To illustrate how to assess the quality of the approximation obtained by
simulation, we use CoolWorld, a purpose-built agent-based model (Gilbert 2007)
implemented in NetLogo 4.0 (Wilensky 1999). A full description of the model,
and the source code can be found at the dedicated model webpage https://
luis-r-izquierdo.github.io/coolworld/. For our purposes, it suffices to say that in
CoolWorld there is a population of agents called walkers, who wander around
a two-dimensional grid made of square patches; some of the patches are empty,
whilst others contain a house (see Fig. 13.4). Patches are at a certain predefined
temperature, and walkers tend to walk towards warmer patches, staying for a while
at the houses they encounter in their journey.

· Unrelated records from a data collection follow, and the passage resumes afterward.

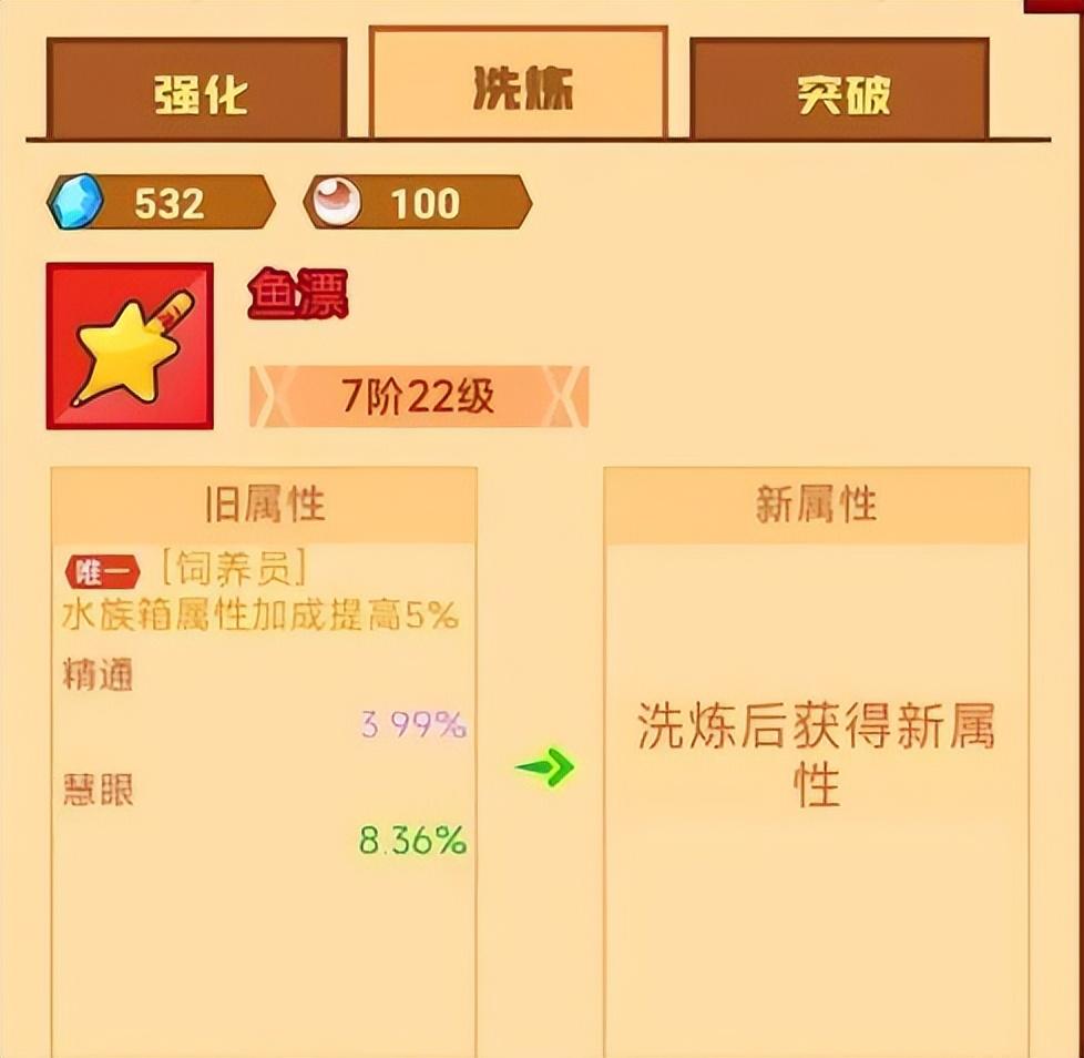 对于零氪微氪玩家来说,渔具洗炼一步可以视情况省略,洗炼要投入大量钻石,对于零氪微氪来说投入和收入是不成正比的。
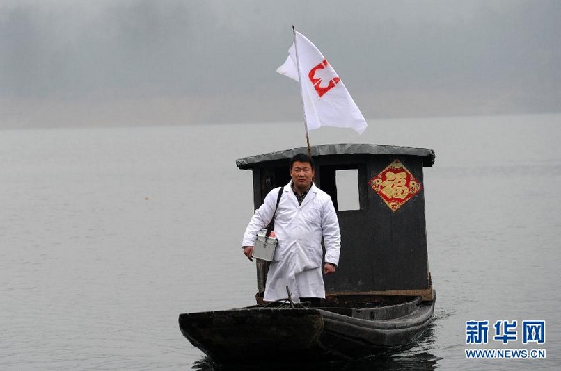 海島的東島岸邊,常年??恐粋€船屋,外面掛著“麻埠鎮(zhèn)齊山村海島衛(wèi)生站”的牌子。39歲的余家軍是船屋的主人,1999年衛(wèi)校畢業(yè)后回到齊山村,和妻子吳起嬌把家安到了船上,取名“海島衛(wèi)生站”,他也成了這里唯一的村醫(yī)。18年里,不論是白天黑夜、刮風下雨甚至下雪,余家軍都劃著一條小木船,每日來往于東西兩島之間,為200多名村民看病,這條木船也被村民們親切地稱為“水上120”。
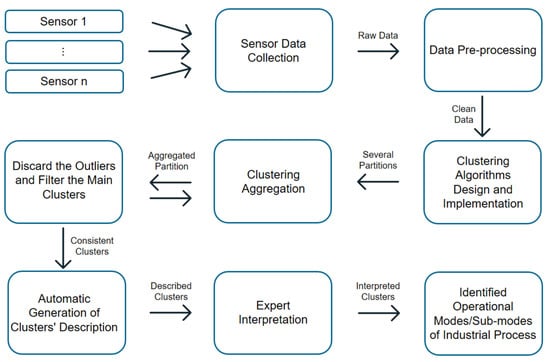 The proposed general methodology is a semi-automatic data-driven approach to detect and identify unknown operational modes from sensor data of an industrial process. The approach only requires human intervention for the final interpretation of the aggregated clusters. These clusters are obtained as the result of a consistency filtering process of the aggregated clusters obtained from an ensemble of clustering techniques.
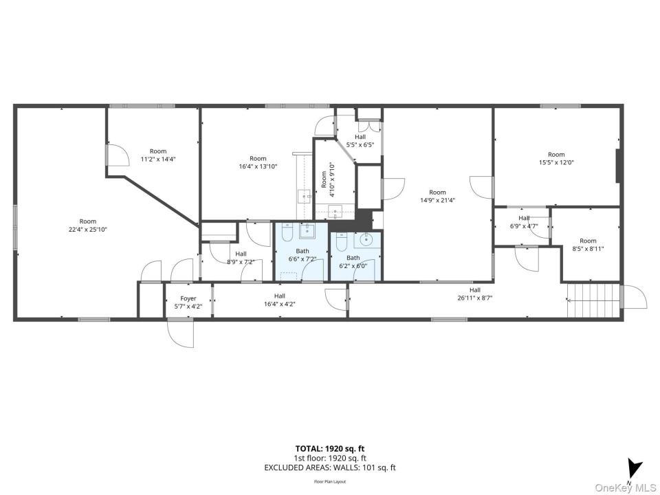 The layout also allows the space to be easily divided into two approximately 960 sq. ft. suites, creating an excellent opportunity for smaller professional offices.
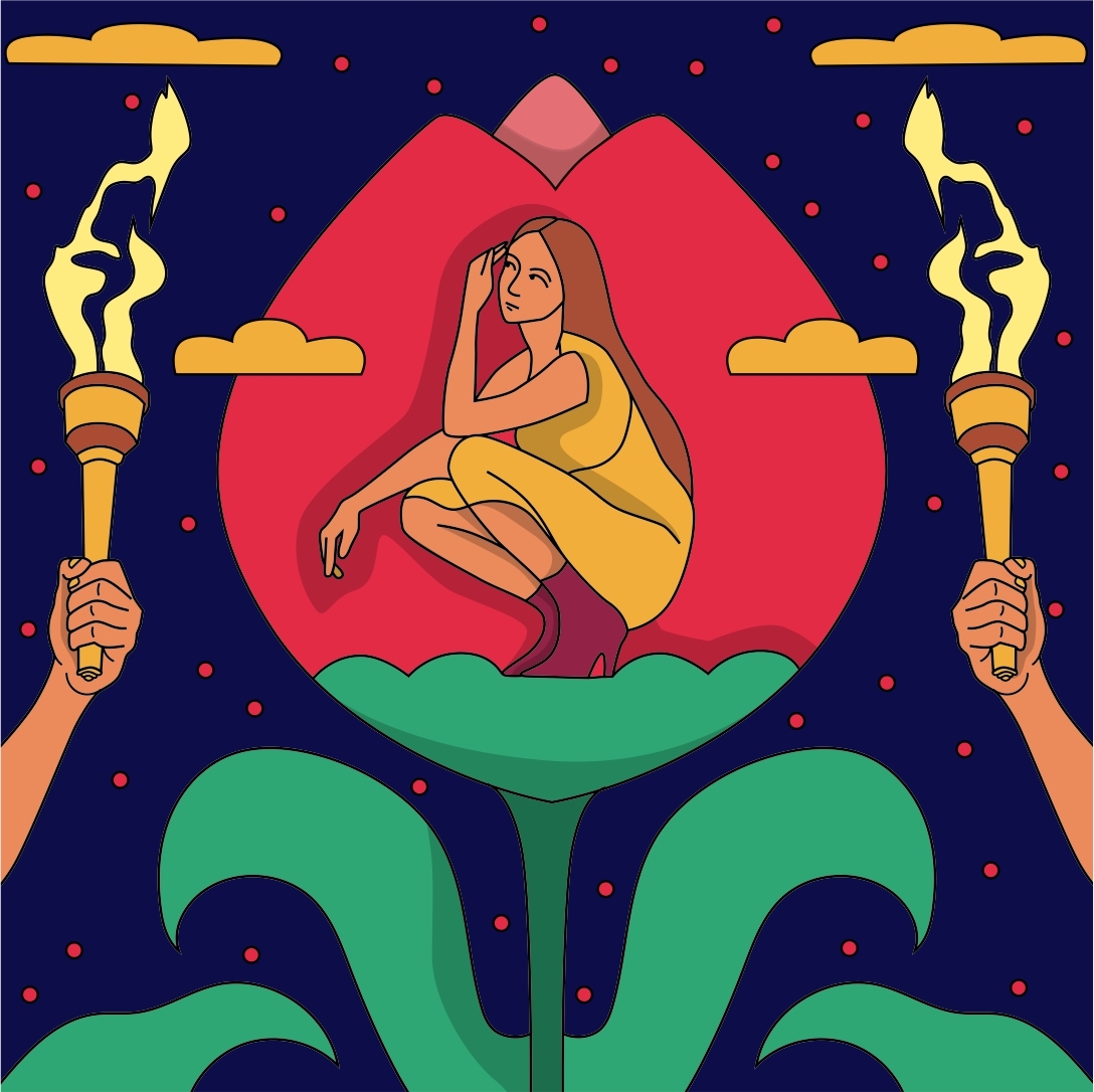 Человек стеснен в выражении себя, но бутон показывает, что есть возможность открыться и проявить себя. Руки с факелами подсвечивают проблему. Планета, за которую корнями держится цветок - символизирует раскрытие внутреннего мира.
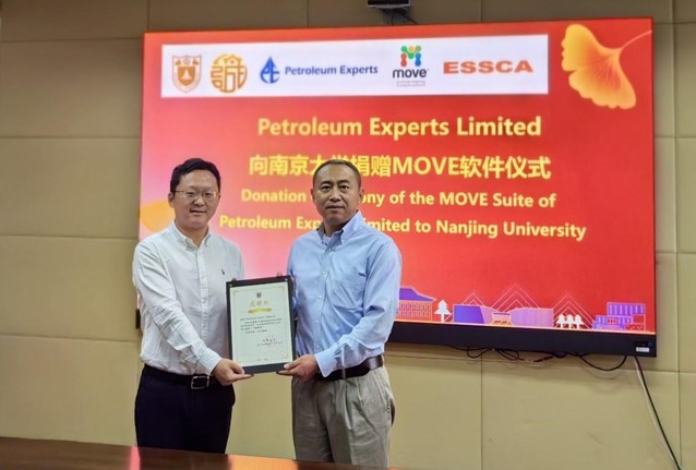 据悉,PE Limited公司总部位于英国爱丁堡,自1990年成立以来,致力于油气田生产系统一体化模拟平台开发。他们开发的MOVE构造地质综合解释软件是国际领先的构造模拟与分析工具,已应用于全球60多个国家。此次捐赠的MOVE、2D Kinematic Modelling、3D Kinematic Modelling、Geomechanical Modelling、Fracture Modelling、Fault Response Modelling、Fault Analysis、Stress Analysis、MOVE Link for Petrel、MOVE Link for OpenWorks,以及MOVE Link for GST系列软件使用许可(10套),市场售价2,506,898.78英镑(逾2325万人民币)。
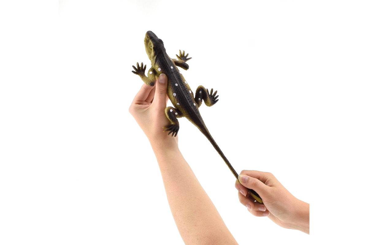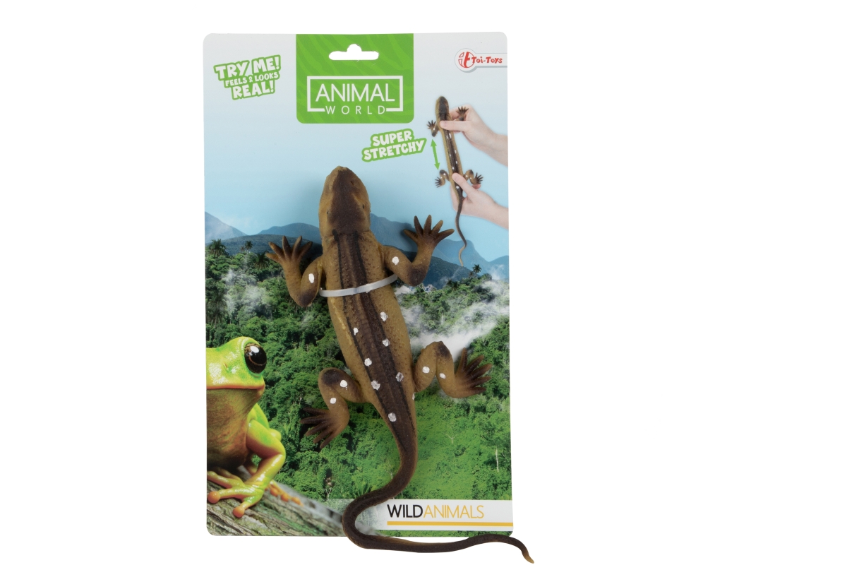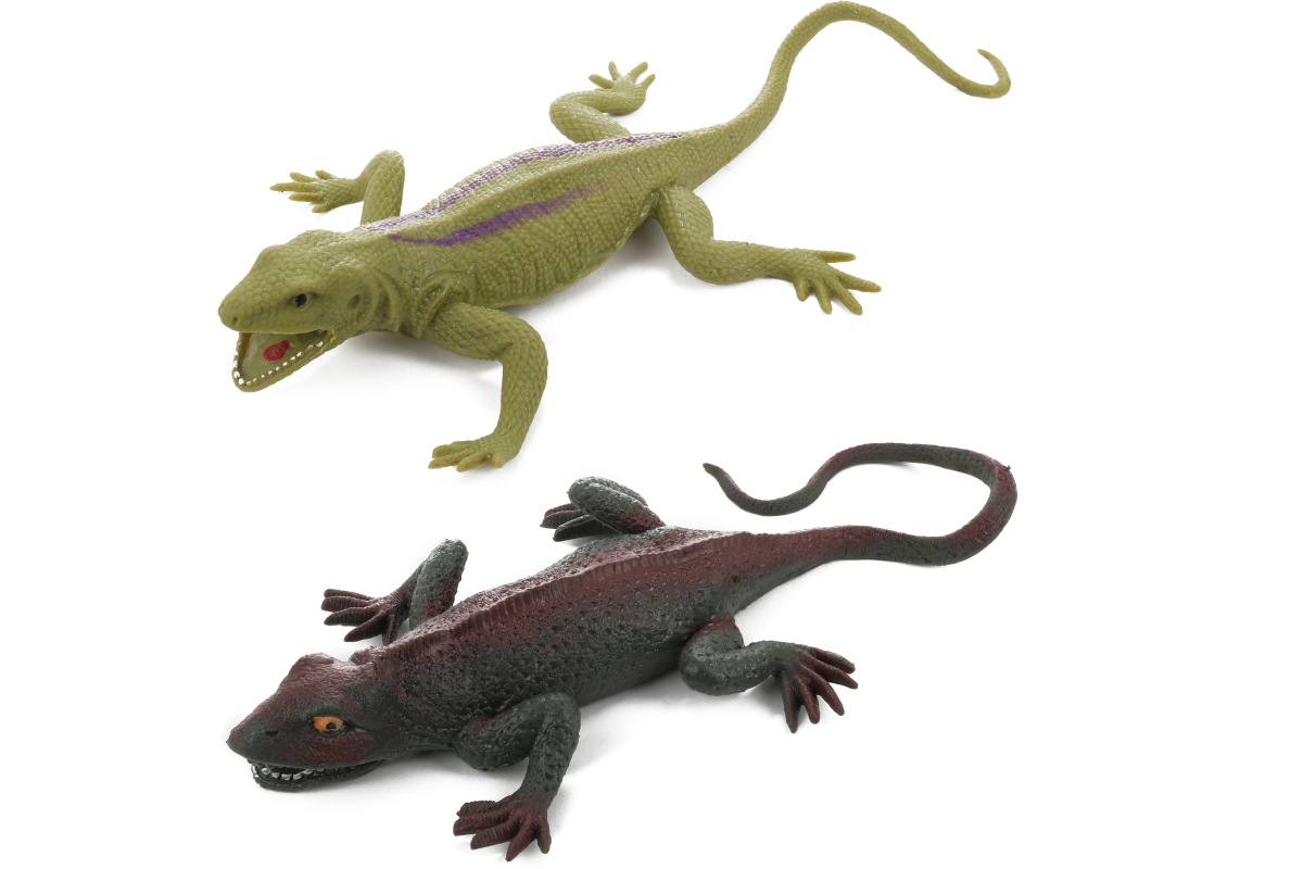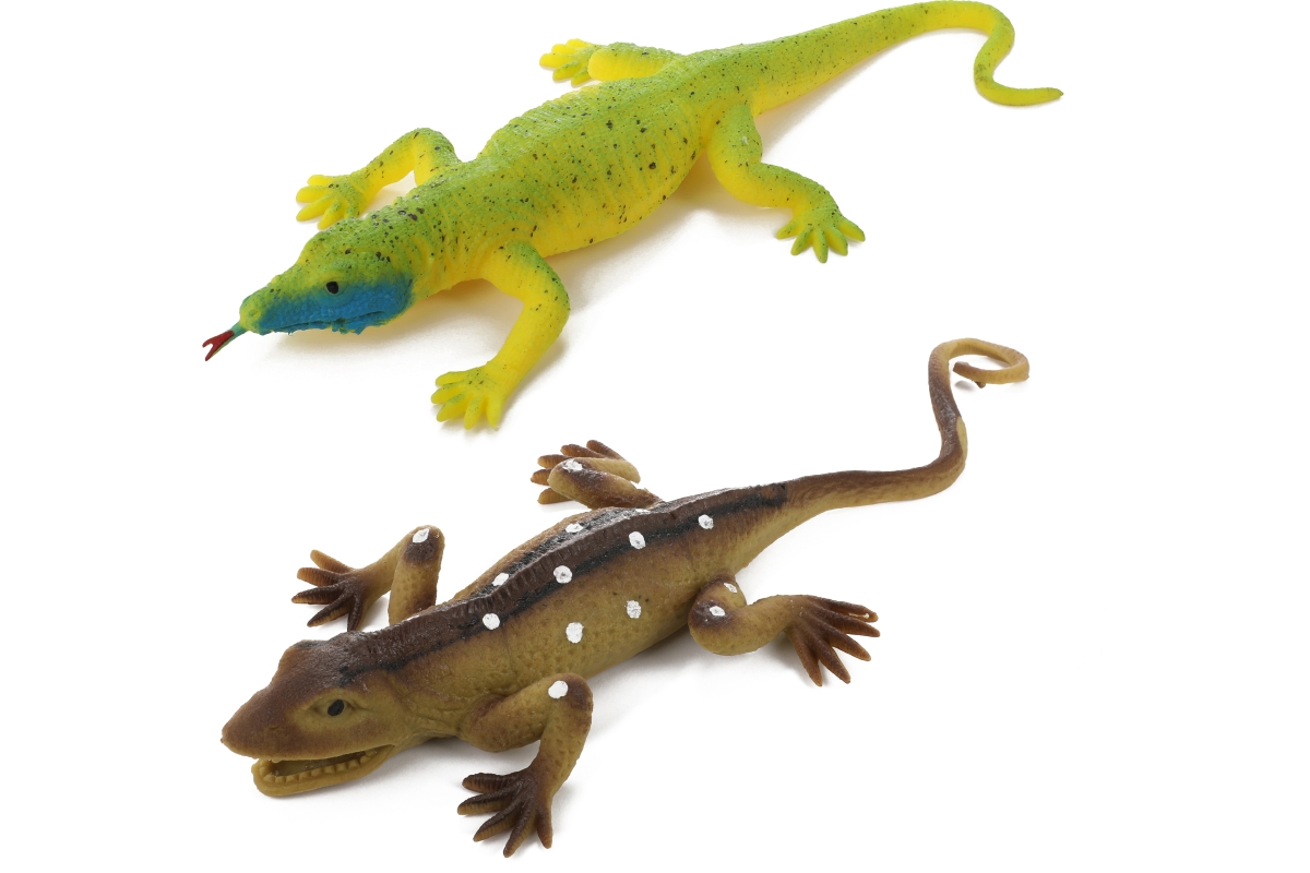 Natahovací ještěrka. Materiál plast. Uvnitř bříška ještěrky jsou kuličky. Baleno na kartě. Rozměry balení 29x17,5x2 cm. Rozměry žáby 24x12x3 cm. 4 bar..
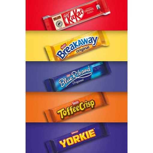 A display-ready presentation box featuring five delicious chocolate biscuits + Includes an assortment of KITKAT. BREAKAWAY. BLUE RIBAND. TOFFEE CRISP and YORKIE BISCUIT chocolate biscuit bars + Suitable for use at any catering or office event + Free from artificial colours. flavours. preservatives or hydrogenated fats and Suitable for vegetarians.
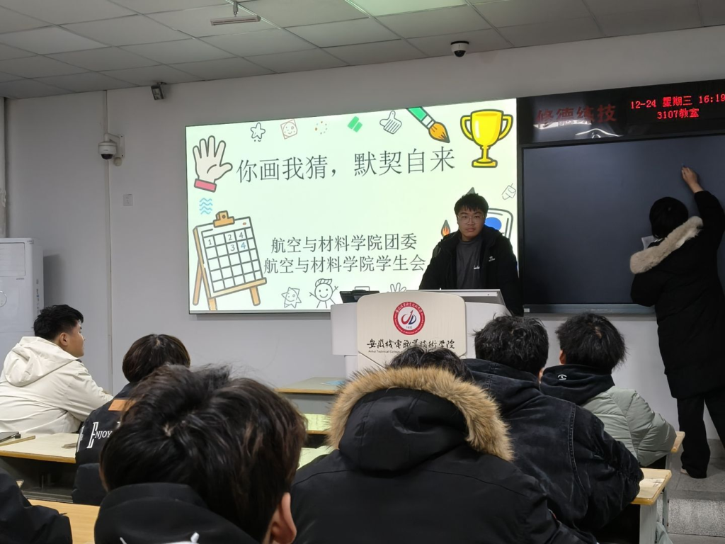 为丰富学生课余生活,提高学生团队协作能力,2025年12月24日下午,航空与材料学院在3107教室举办了“你画我猜,默契自来”趣味比赛活动。活动一经推出便得到全院各年级学生的热烈响应,众多学子踊跃报名参与,现场氛围十分活跃。

Let us assume that we are interested in studying the number of CoolWorld
walkers staying in a house in time-step 50. Initial conditions (which involve 100
walkers placed at a random location) are unambiguously defined at the model
webpage and can be set in the implementation of CoolWorld provided by clicking
on the button ‘Special conditions’. Figure 13.4 shows a snapshot of CoolWorld after
having clicked on that button.
As argued before, given that the (stochastic) initial conditions are unambiguously
defined, the number of CoolWorld walkers in a house after 50 time-steps will follow
a specific probability distribution that we are aiming to approximate. For that, let us
assume that we run 200 runs and plot the relative frequency of the number of walkers
in a patch with a house after 50 time-steps (see Fig. 13.5).